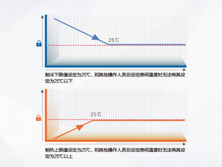 可通過(guò)線控器設(shè)置制冷下限值和制熱上限值,防止公共場(chǎng)所隨意調(diào)節(jié)空調(diào)造成能源浪費(fèi)。
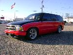 custom two tone red and blac with simulated brushed aluminum seperating the two and some flame detail on the rear.
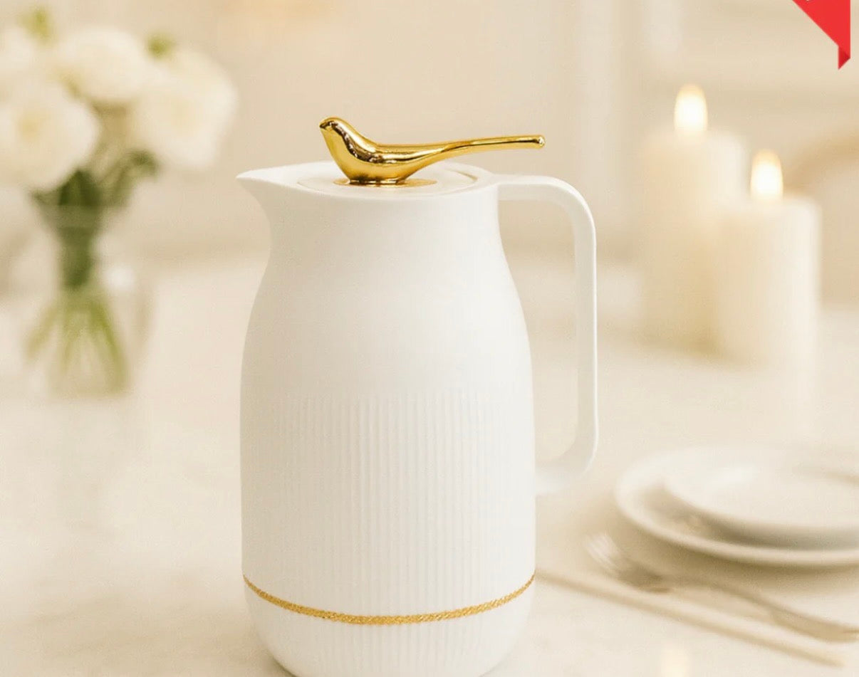 VACUUM INSULATED THERMAL KETTLE 1 LITRE – WHITE WITH GOLD BIRD HANDLE LUXURY DINING
══════════
(EXERCISE OBJECTIVE): Print the lines from the one that contains "custom two tone" through the final line of the material above, exactly and only those, with pictures left out.

(YOUR RESPONSE):
 custom two tone red and blac with simulated brushed aluminum seperating the two and some flame detail on the rear.
 VACUUM INSULATED THERMAL KETTLE 1 LITRE – WHITE WITH GOLD BIRD HANDLE LUXURY DINING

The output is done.